'''

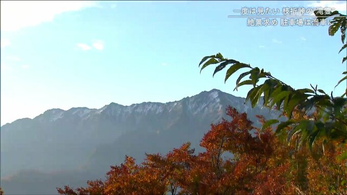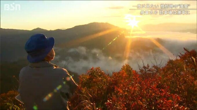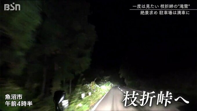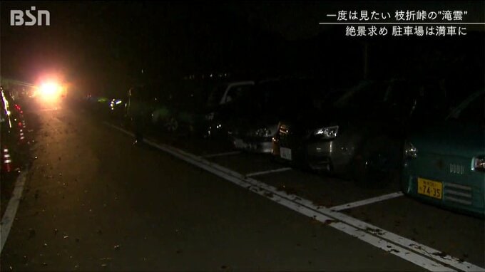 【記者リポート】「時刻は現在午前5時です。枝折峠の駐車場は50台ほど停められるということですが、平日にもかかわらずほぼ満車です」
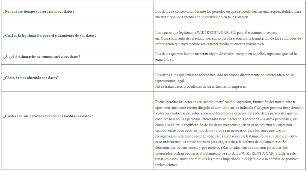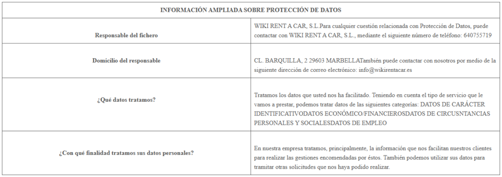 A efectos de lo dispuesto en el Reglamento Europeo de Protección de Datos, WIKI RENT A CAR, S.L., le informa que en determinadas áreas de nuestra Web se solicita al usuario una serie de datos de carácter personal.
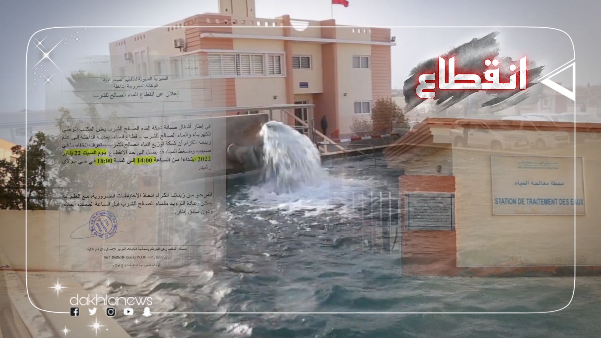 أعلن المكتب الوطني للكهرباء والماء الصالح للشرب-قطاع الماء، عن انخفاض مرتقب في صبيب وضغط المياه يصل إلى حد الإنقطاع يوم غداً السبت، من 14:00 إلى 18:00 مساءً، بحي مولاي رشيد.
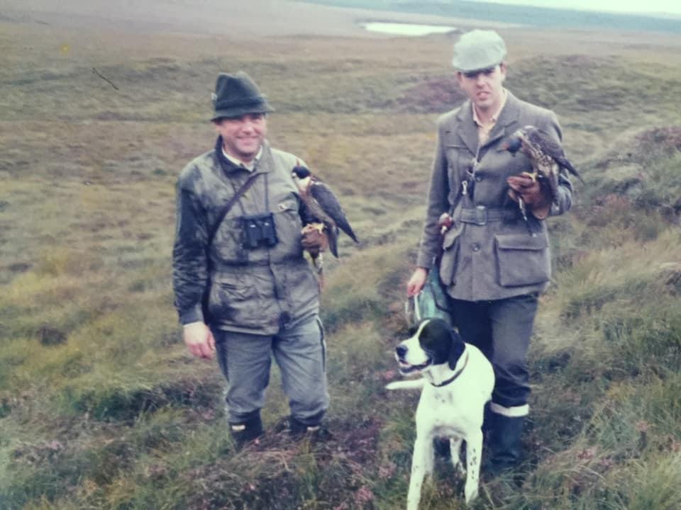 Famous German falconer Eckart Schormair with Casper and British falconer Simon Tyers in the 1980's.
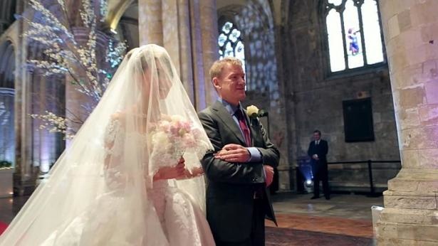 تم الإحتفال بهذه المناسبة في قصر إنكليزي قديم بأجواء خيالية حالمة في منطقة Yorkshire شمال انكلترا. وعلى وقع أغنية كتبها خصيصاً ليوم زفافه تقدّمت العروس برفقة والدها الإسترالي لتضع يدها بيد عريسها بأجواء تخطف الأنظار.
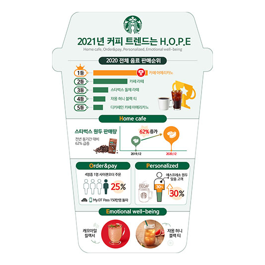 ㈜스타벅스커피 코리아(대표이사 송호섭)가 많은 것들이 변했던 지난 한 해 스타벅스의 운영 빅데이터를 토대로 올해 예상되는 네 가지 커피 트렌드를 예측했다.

'''

== Work instruction ==
Could you transcribe exactly the lines from the line containing "تم الإحتفال بهذه" through the final line of the records, both included, and nothing beyond them? The pictures should be left out.

== Answer box ==
 تم الإحتفال بهذه المناسبة في قصر إنكليزي قديم بأجواء خيالية حالمة في منطقة Yorkshire شمال انكلترا. وعلى وقع أغنية كتبها خصيصاً ليوم زفافه تقدّمت العروس برفقة والدها الإسترالي لتضع يدها بيد عريسها بأجواء تخطف الأنظار.
 ㈜스타벅스커피 코리아(대표이사 송호섭)가 많은 것들이 변했던 지난 한 해 스타벅스의 운영 빅데이터를 토대로 올해 예상되는 네 가지 커피 트렌드를 예측했다.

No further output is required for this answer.